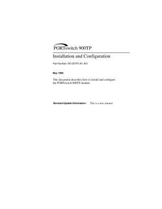 This document is an installation and configuration guide for the PORTswitch 900TP module. It provides step-by-step instructions for physically installing the module into a DEChub 900 or DEChub ONE, verifying initial operation via LEDs, and connecting cables. The guide details how to access the setup port to configure module parameters, including IP addresses, SNMP settings, BootP, and out-of-band management. It also covers firmware upgrades and the process for removing the module. Additional sections describe the module's features, components, redundant-link configurations for fault tolerance, troubleshooting using LED indicators, connector pin assignments, remote monitoring (RMON alarms and events), and comprehensive product specifications. The manual is intended for personnel responsible for installing and setting up the PORTswitch 900TP.
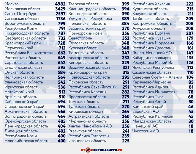 Из других субъектов Федерации по числу случаев заражения за последние сутки выделяются Московская область (3429), Санкт-Петербург (2597), Самарская область (1736), Воронежская область (799), Республика Крым (791), Нижегородская область (787), Свердловская область (732), Красноярский край (728), Пермский край (712), Республика Башкортостан (663), Ростовская область (649), Саратовская область (642).
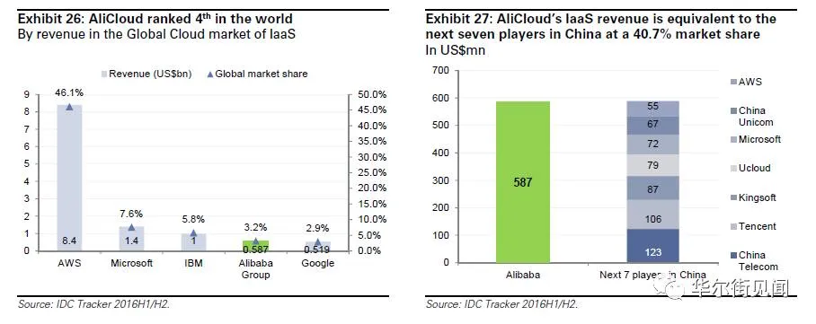 目前,全球IaaS云市场中,按照营收计算,亚马逊的AWS凭借46.1%的份额高居首位,阿里巴巴则以3.2%的市场份额占据第四的位置。

§ ABOUT THIS TASK:
Only the lines from the line containing "Из других субъектов" through the end of the material should be retyped, exactly and in full, with no pictures.

§ ANSWER SECTION:
 Из других субъектов Федерации по числу случаев заражения за последние сутки выделяются Московская область (3429), Санкт-Петербург (2597), Самарская область (1736), Воронежская область (799), Республика Крым (791), Нижегородская область (787), Свердловская область (732), Красноярский край (728), Пермский край (712), Республика Башкортостан (663), Ростовская область (649), Саратовская область (642).
 目前,全球IaaS云市场中,按照营收计算,亚马逊的AWS凭借46.1%的份额高居首位,阿里巴巴则以3.2%的市场份额占据第四的位置。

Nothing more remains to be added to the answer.